= Lindsay and Sidney Greenbush =

American twin actresses

Rachel Lindsay Rene Greenbush and Sidney Robyn Danae Bush (born May 25, 1970 in Hollywood, California) are American former child actresses, best known for their combined (alternating) role as Carrie Ingalls, in the drama series Little House on the Prairie. They are identical twin sisters, born to actor Billy Green Bush and Carole Kay Greenbush. Their older brother, Clay, is also an actor.

==Careers ==
The twins played Jill Hayden in the 1973 made-for-television drama Sunshine .

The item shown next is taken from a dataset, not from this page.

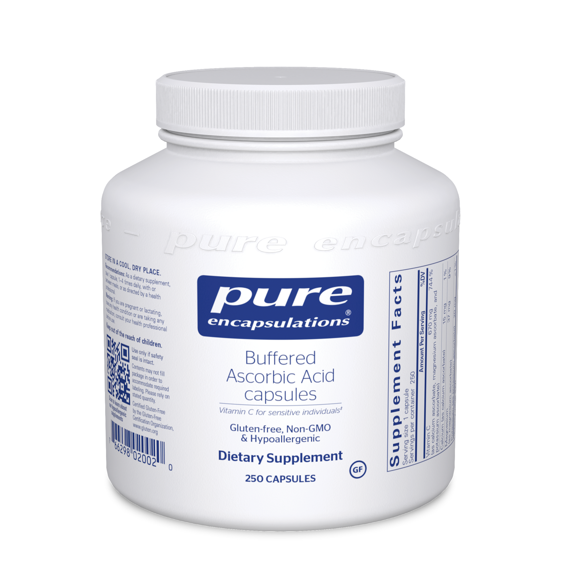 Pure Encapsulations has temporarily discontinued the 250 vcap size of this product. Please check the 90 cap size (BUF14) for availability. Vitamin C as mineral ascorbates for sensitive individuals. Buffered ascorbic acid combines calcium ascorbate, magnesium ascorbate, and potassium ascorbate to create a neutral pH vitamin C. This special form of ascorbic acid lessens possible gastric irritation in sensitive individuals. Vitamin C for sensitive individuals Buffered ascorbic acid combines calcium ascorbate, magnesium ascorbate, and potassium ascorbate to create a neutral pH vitamin C.* This special form of ascorbic acid lessens possible gastric irritation in sensitive individuals.*

From 1974 through 1982 they alternated the role of Carrie Ingalls in the television series Little House on the Prairie, although were credited as Lindsay Sidney Greenbush, with the implication that a single actor played the role. In the episode "The Godsister", first broadcast on December 18, 1978, both twins appear together when Carrie creates a make-believe friend because her family is too busy to spend time with her. The twins did not appear in the final season of the series as the plot line had Carrie's family (with the exception of sister Laura and her husband Almanzo) move away from Walnut Grove, Minnesota, the series' location.

==Post-Little House==

In 1983, Lindsay guest starred in a Matt Houston episode as an abuse victim. Sidney starred in the film Hambone and Hillie that same year. The twins starred in commercials for, among others, Doublemint gum, Mattel Toys, and Kentucky Fried Chicken. They decided to retire from acting and continue their studies at public school, graduating from Santa Monica High in 1988.

==Personal lives==
Sidney was married to horse breeder William "Rocky" Foster for nine years, until his death by suicide at the age of 55 in 2009.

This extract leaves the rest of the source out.